◆ **About this task**: Take the entries below and print only the lines from the one with "Amazon - Smart" through the one with "1862 - 20 cent.", exactly as they stand, both ends included.

Data items:
>>>>>

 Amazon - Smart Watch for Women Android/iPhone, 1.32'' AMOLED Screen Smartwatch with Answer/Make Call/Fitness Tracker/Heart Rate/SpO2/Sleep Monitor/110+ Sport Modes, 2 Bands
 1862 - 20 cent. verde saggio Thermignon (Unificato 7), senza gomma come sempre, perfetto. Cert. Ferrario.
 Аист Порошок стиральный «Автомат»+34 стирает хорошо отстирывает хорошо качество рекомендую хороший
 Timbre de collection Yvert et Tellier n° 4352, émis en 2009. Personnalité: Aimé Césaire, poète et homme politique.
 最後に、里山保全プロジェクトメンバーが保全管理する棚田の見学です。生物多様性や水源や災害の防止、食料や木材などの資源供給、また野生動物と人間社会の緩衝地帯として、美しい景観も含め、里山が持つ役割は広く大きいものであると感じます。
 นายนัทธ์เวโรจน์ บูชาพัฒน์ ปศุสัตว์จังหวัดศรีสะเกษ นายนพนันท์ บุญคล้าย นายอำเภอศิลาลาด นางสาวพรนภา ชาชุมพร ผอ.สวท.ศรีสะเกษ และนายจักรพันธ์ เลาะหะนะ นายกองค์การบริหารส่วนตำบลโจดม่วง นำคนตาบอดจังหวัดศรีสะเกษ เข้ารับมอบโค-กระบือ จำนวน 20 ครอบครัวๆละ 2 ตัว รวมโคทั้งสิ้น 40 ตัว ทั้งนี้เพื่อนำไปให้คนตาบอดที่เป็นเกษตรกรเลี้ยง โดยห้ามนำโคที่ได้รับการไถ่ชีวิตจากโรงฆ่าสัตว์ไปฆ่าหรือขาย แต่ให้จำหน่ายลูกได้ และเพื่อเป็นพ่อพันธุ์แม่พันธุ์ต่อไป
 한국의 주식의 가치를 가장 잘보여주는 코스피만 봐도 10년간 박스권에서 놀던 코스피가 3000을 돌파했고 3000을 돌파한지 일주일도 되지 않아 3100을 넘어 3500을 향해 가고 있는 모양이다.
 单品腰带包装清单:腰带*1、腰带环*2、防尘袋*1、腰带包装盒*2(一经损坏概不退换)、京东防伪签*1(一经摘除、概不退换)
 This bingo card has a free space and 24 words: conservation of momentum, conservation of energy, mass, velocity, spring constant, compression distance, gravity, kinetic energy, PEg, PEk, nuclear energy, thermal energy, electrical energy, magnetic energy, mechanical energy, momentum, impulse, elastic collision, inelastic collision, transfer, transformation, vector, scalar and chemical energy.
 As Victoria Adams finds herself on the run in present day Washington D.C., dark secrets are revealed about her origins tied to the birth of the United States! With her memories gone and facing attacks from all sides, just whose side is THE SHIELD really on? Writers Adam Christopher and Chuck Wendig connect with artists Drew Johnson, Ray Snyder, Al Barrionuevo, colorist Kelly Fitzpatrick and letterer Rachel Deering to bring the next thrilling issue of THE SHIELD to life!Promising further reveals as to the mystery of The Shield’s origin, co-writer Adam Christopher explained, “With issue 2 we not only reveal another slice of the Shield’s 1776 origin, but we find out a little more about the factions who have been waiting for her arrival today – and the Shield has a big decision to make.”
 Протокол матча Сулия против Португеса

<<<<<
>>>>>

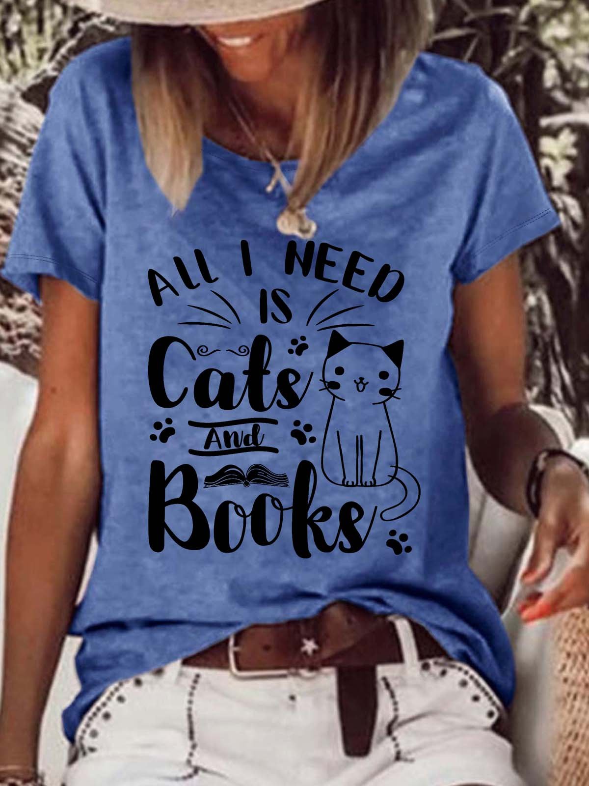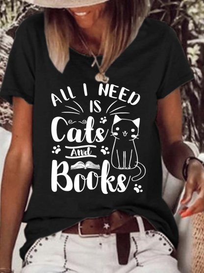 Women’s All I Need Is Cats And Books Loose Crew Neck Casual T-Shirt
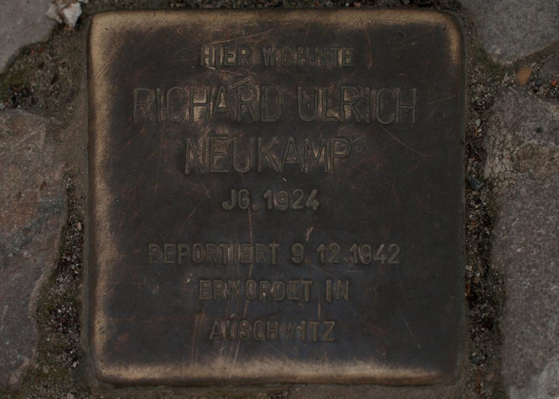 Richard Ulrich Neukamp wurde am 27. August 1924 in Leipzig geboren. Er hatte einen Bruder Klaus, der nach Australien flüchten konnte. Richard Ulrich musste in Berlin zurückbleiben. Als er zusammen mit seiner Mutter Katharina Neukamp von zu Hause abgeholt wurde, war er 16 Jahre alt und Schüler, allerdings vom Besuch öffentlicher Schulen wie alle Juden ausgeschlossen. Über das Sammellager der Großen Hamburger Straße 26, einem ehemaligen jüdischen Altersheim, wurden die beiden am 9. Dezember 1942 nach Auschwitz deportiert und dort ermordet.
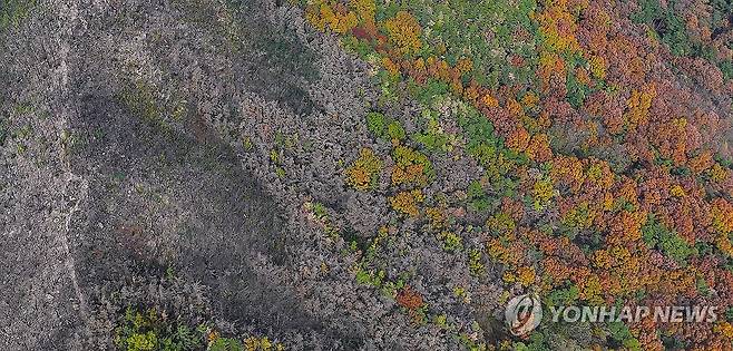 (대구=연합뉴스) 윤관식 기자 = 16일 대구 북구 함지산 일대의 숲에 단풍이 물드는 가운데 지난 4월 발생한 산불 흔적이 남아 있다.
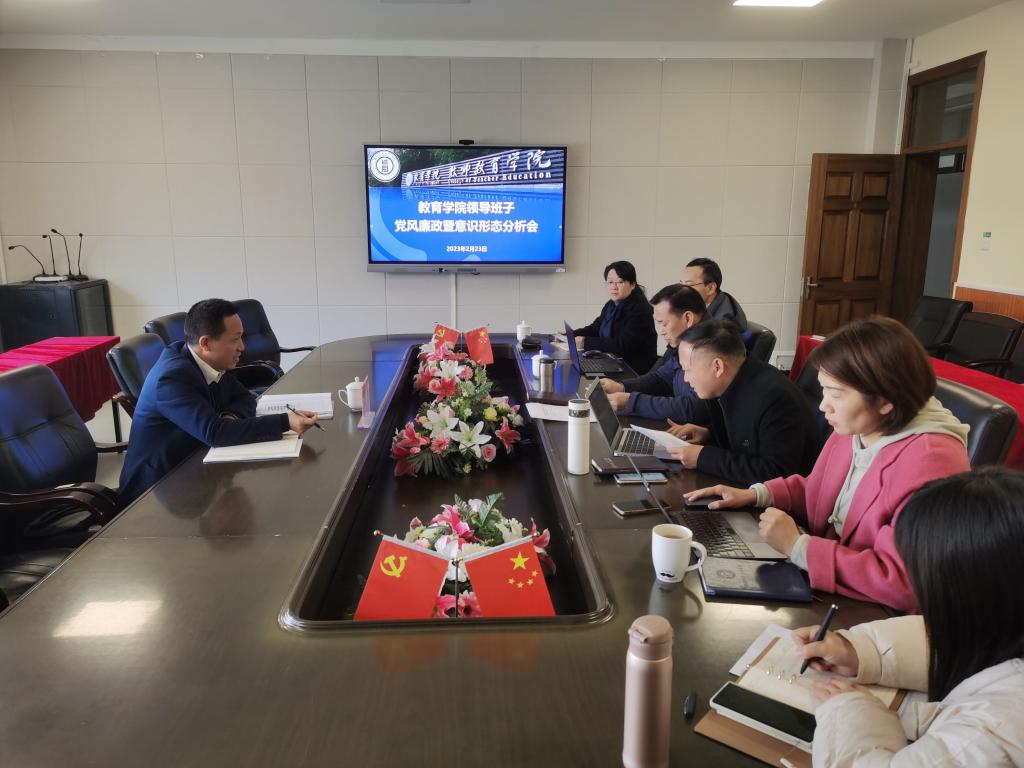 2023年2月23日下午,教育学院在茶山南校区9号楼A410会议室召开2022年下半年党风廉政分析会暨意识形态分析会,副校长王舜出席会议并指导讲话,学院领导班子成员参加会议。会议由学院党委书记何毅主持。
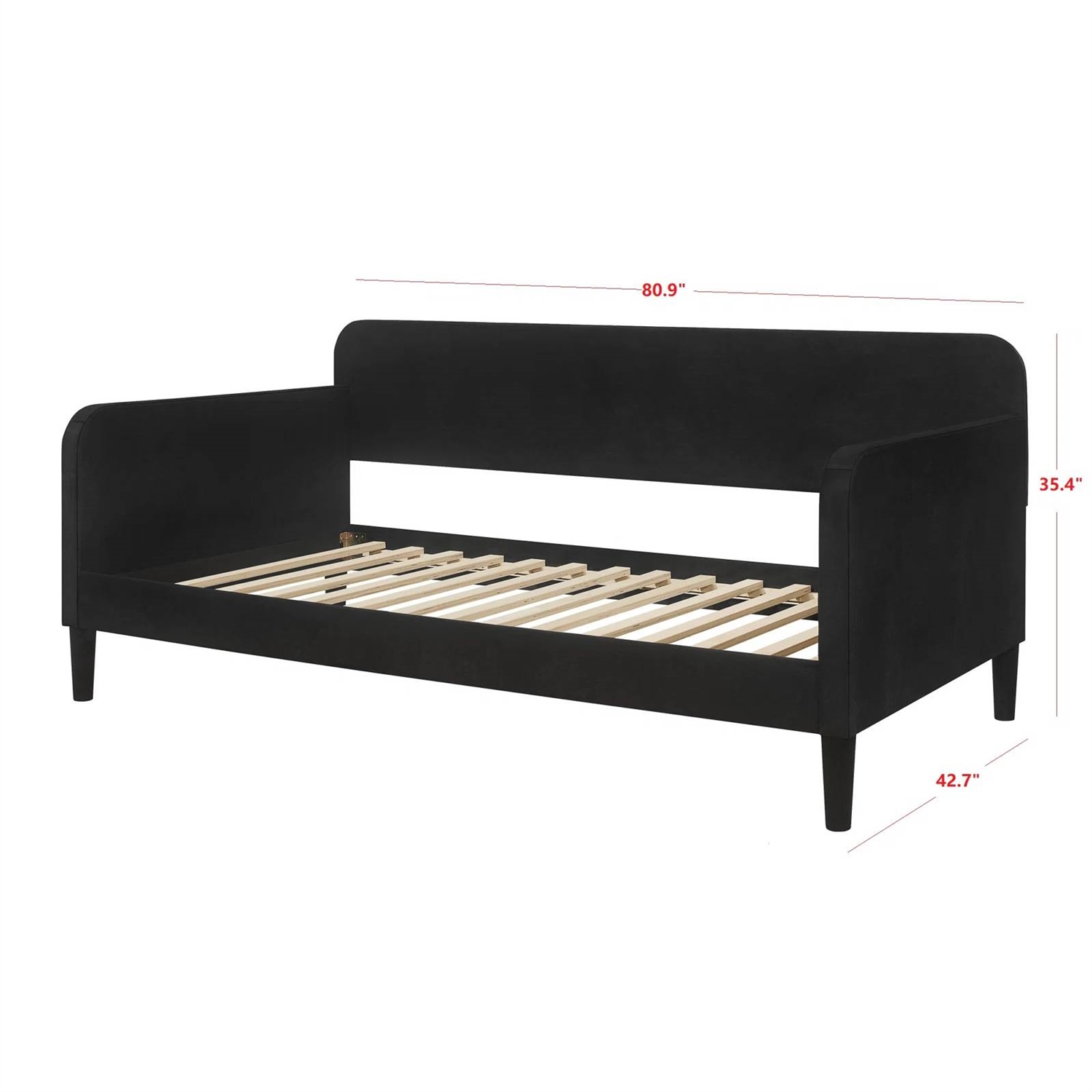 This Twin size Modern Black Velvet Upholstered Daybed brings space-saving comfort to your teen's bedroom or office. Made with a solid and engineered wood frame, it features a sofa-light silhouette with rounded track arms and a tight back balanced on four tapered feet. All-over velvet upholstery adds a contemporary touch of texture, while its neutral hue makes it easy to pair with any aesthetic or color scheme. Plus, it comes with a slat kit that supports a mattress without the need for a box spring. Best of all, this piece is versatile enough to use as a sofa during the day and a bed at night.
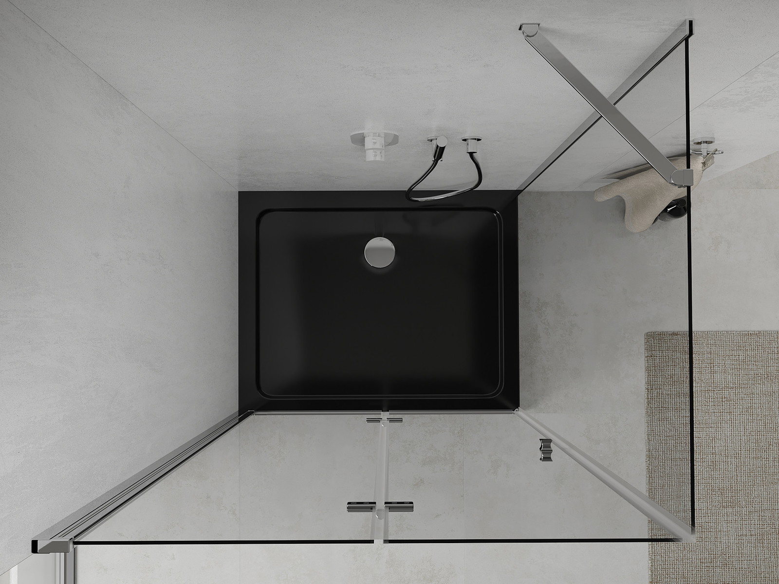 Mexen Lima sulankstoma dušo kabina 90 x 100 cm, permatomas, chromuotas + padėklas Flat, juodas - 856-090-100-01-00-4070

<<<<<

◆ **Solved problem**:
 Amazon - Smart Watch for Women Android/iPhone, 1.32'' AMOLED Screen Smartwatch with Answer/Make Call/Fitness Tracker/Heart Rate/SpO2/Sleep Monitor/110+ Sport Modes, 2 Bands
 1862 - 20 cent. verde saggio Thermignon (Unificato 7), senza gomma come sempre, perfetto. Cert. Ferrario.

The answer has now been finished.